Employers should migrate to a hybrid environment only after building a solid foundation to support remote workers.
As Covid-19 pandemic restrictions have eased, employers are adjusting their work-from-home policies. Some companies, including Airbnb, have doubled down and made substantial commitments to remote working. Others, like Google, have begun to shirt to more in-person and hybrid office policies. This range just among the two tech giants is an example of the different possibilities being considered by other employers. According to a 2017 Gallup poll, 43% of U.S. employees worked remotely all or some of the time.
Part of the reason for this difference has to do with how all of us have adjusted to working in the face of the pandemic. Some people have thrived on the flexibility and productivity gains of being able to schedule their time and being freed from commuting. For example, in a survey conducted by Boston.com in March, readers who preferred to work from home at least part of the time said they are more productive and have a better work-life balance. A Pew Research study from February corroborates these reasons and found that more remote workers are doing so by choice rather than by necessity. And another poll carried out by ADP found that 64% of workers would consider quitting if asked to return to their offices full-time. But before you consider moving towards a more hybrid work schedule, consider these issues.

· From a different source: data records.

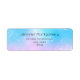 Adressieren Sie Labels mit einem skurrilen Hintergrund. Ein pastellrosa und blaues Farbschema mit Farbverlauf. Kleine weiße Sterne verstreut herum. Whimsikisches und magisches Design.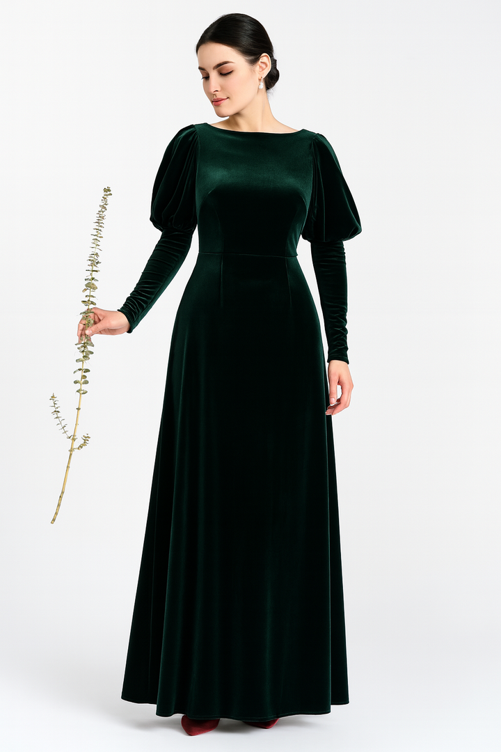 Abito in Velluto elastico. Scollo tondo a girocollo con manica a palloncino e aderente al polso. Gonna semisirena con drappeggio. Chiusura finta a portafoglio laterale e spacco. L'abito non presenta zip. Grazie all'elasticità del tessuto può essere indossato come una t-shirt e avere lo stesso comfort.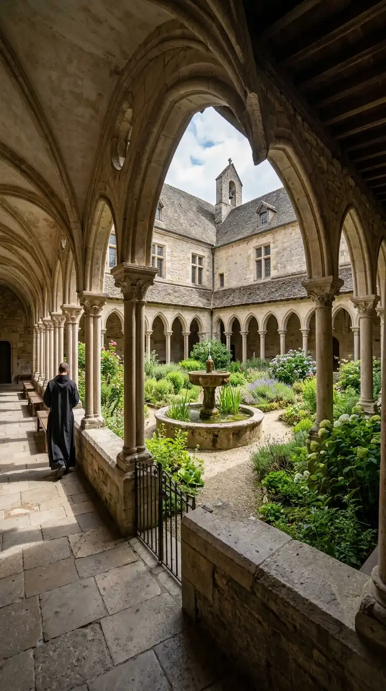 The cloister is a covered walkway around a courtyard in a monastery. The walkway has an arcade of arches. The courtyard has a garden and a fountain. The cloister is calm, sheltered, and monastic.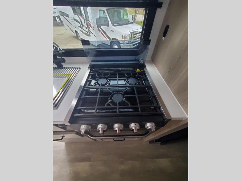 You're going to love camping with your family or friends in this largest bunk model in the GEO Pro lineup. The bunk beds will be perfect for little ones, while you take the front full-size bed. There is also a 44" booth dinette within the slide out for additional sleeping and seating space. The kitchen includes everything the chef will need to prepare meals each day, including a gas oven a microwave oven, and a 12V refrigerator for perishables. If the weather is nice, you may just find the chef outdoors cooking on the outside griddle under the 14' power awning. And check out the exterior bike door that will be perfect for bikes, luggage, or extra camp gear. The optional Power Package available on this model includes three 200W solar panels, a 30 Amp solar charge controller, two Mastervolt smart remotes, and more off-grid features!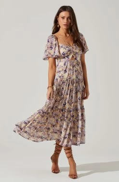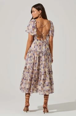 This floral dress features a halter neck that leads to a cinched bust with a statement cutout accent. Tiered midi dress. Short puff sleeves. Open back with cross straps.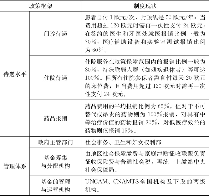 表3-1 法国普通医疗保险计划(CNAMTS)的政策框架与制度概况

First, employers should put together a policy that is fair and flexible. Airbnb’s program, announced by founder and CEO Brian Chesky, seems well thought-out: employees can choose where to work, literally anywhere in the world. They have the ability to move inside the country of their choice without affecting their compensation and can travel for up to 90 days outside their country at a time.
“I’ve always believed that you design the culture you want, or it will be designed for you,” Chesky wrote in his memo. He also described the various tax implications of moving about the world while employed and how Airbnb has to be careful to place some reasonable limits on these movements.
Second, employers should migrate to a hybrid environment only after building a solid foundation to support remote workers. Some of the remote programs were temporary and should have elements including the following:
- Make sure your employees have the right the equipment and a reliable and fast enough internet connection
- Ensure support for corporate communications standards, such as for video conferencing and messaging
- Supervisors should receive training on how to manage remote or hybrid workers
- Businesses should carry out a full risk assessment and plans for potential trouble spots to support a hybrid working model
- Improve IT and security support services to handle both remote and in-person situations
Keep the needs of your people in mind
Next, businesses need to handle everyone’s individual circumstances and acknowledge their particular sources of stress. Some remote workers want to return to their offices, while others don’t. (This could be a split between introverts and extroverts, or other factors.)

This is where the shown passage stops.